The Euro has remained in high demand against the Pound on Thursday afternoon, advancing by around 0.4% in the pairing.
This improvement in the EUR/GBP exchange rate follows news that the European Central Bank (ECB) could be considering tighter monetary policy.
The ECB’s latest minutes suggest that the bank is considering a change of outlook in 2018, which may include tapering quantitative easing (QE).
Euro trader confidence has increased substantially on the news, so in addition to rising against the Pound, the Euro has also advanced against the US Dollar.
(First published 11th January, 2018)
Pair of Strong German Stats Push EUR/GBP Exchange Rate Higher
The Euro has made a slight advance against the Pound today, following the release of two supportive German ecostats.

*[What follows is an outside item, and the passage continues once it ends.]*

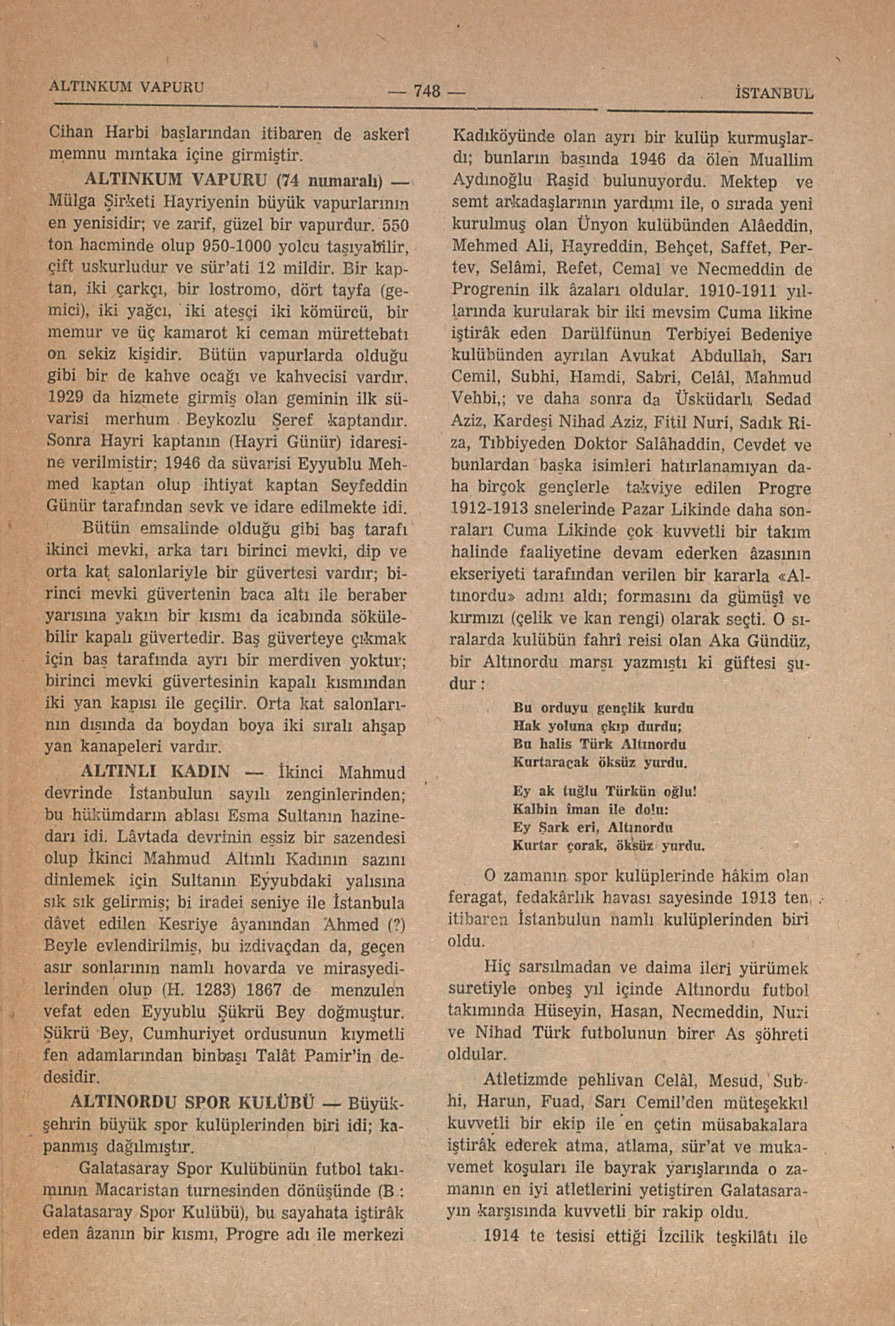 Mülga Şirketi Hayriyenin büyük vapurlarının en yenisidir; ve zarif, güzel bir vapurdur. 550 ton hacminde olup 950-1000 yolcu taşıyabilir, çift uskurludur ve sür’ati 12 mildir. Bir kaptan, iki çarkçı, bir lostromo, dört tayfa (gemici), iki yağcı, iki ateşçi iki kömürcü, bir memur ve üç kamarot ki ceman mürettebatı on sekiz kişidir. Bütün vapurlarda olduğu gibi bir de kahve ocağı ve kahvecisi vardır. 1929 da hizmete girmiş olan geminin ilk süvarisi merhum Beykozlu Şeref kaptandır. Sonra Hayri kaptanın (Hayri Günür) idaresine verilmiştir; 1946 da süvarisi Eyyublu Mehmed kaptan olup ihtiyat kaptan Seyfeddin Günür tarafından sevk ve idare edilmekte idi. Bütün emsalinde olduğu gibi baş tarafı ikinci mevki, arka tarafı birinci mevki, dip ve orta kat salonlariyle bir güvertesi vardır; birinci mevki güvertenin baca altı ile beraber yarısına yakın bir kısmı da icabında sökülebilir kapalı güvertedir. Baş güverteye çıkmak için baş tarafında ayrı bir merdiven yoktur; birinci mevki güvertesinin kapalı kısmından iki yan kapısı ile geçilir. Orta kat salonlarının dışında da boydan boya iki sıralı ahşap yan kanapeleri vardır. 74 numaralı Altınkum Vapuru (Resim: Behçet)
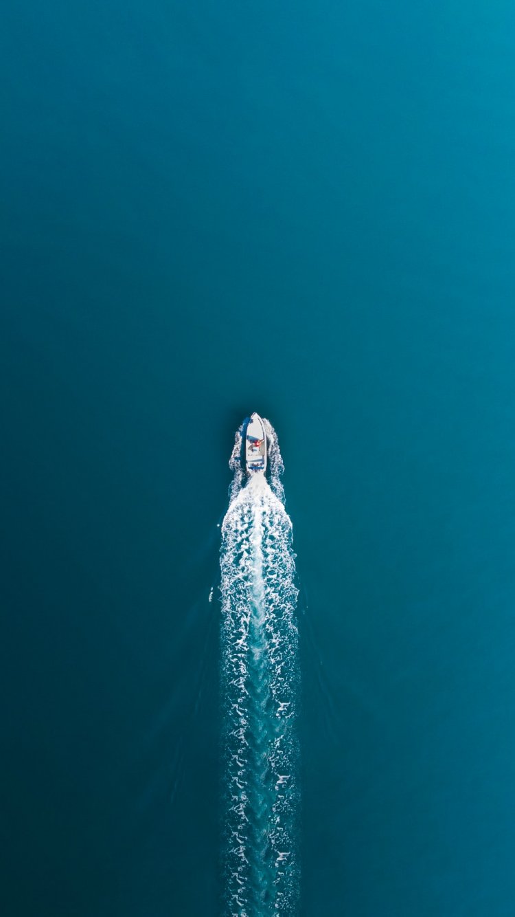 Обои: лазурное море, лодка, вид сверху - 750x1334

German GDP growth in 2017 has been reported higher, from 1.9% previously to 2.2% last year.
While the reading didn’t hit 2.4% as some traders forecast, it has still been the strongest growth rate seen in 6 years.
The Euro didn’t see a universal rally on the GDP news, but this was still enough to improve the EUR/GBP exchange rate.
Another piece of good news has been that the German government’s budget surplus has also grown, from 0.8% to 2.2% in 2017.
There are concerns that the German government is saving too much, but among world governments with budget deficits, this issue has been largely ignored.
Giving a positive outlook based on the previous growth readings, ING economist Carsten Brzeski said;
‘[This was] a strong performance by an economy firing on all cylinders.
The same fundamentals which have supported growth in 2016 and 2017 should still be in place in 2018’.
Limited UK Data sees GBP/EUR Exchange Rate Decline on Brexit Concerns
In a recurrent situation, the Pound has fallen against the Euro today because of worries about the Brexit process.
Fears of a ‘Minister for No Deal’ being appointed may have passed, but a recent report commissioned by Sadiq Khan has brought Brexit fears back to the forefront.
The report by Cambridge Econometrics shows that in the worst cases, the UK could lose hundreds of thousands of jobs and almost £50bn in investment by 2030.
As Mayor of London, Mr Khan has taken warned about the dangers of a hard Brexit, where the UK leaves the EU without a transitional agreement or trade deal;
‘The analysis concludes that the harder the Brexit we end up with, the bigger the potential impact on jobs, growth and living standards.”
Euro to Pound Exchange Rate Forecast: Volatility ahead on Inflation Stats
The Euro and Pound could see significant movement in the week ahead, when Eurozone and UK inflation rate figures come out.
The Eurozone stats are out on 17th January and the expectation is for a reduction in the finalised reading for December, from 1.5% to 1.4%.
While a minor dip, such a result could still lower confidence in the Euro and trigger a EUR/GBP exchange rate decline.
If inflation is moving away from the European Central Bank’s (ECB) 2% target, this reduces the pressure to consider raising interest rates in 2018.
Traders have been long awaiting an ECB rate hike since the bank dropped rates to 0% in March 2016.
The UK’s inflation data will be out a day earlier, on 16th January.
UK inflation is currently above the Bank of England’s (BoE) 2% target, but the BoE is reluctant to raise interest rates under current conditions.
This is down to inflation exceeding the rate of wage growth, which means that real incomes are being constrained.
If interest rates were raised now, households in high levels of debt would face higher repayment costs, so the move would be more harmful than beneficial.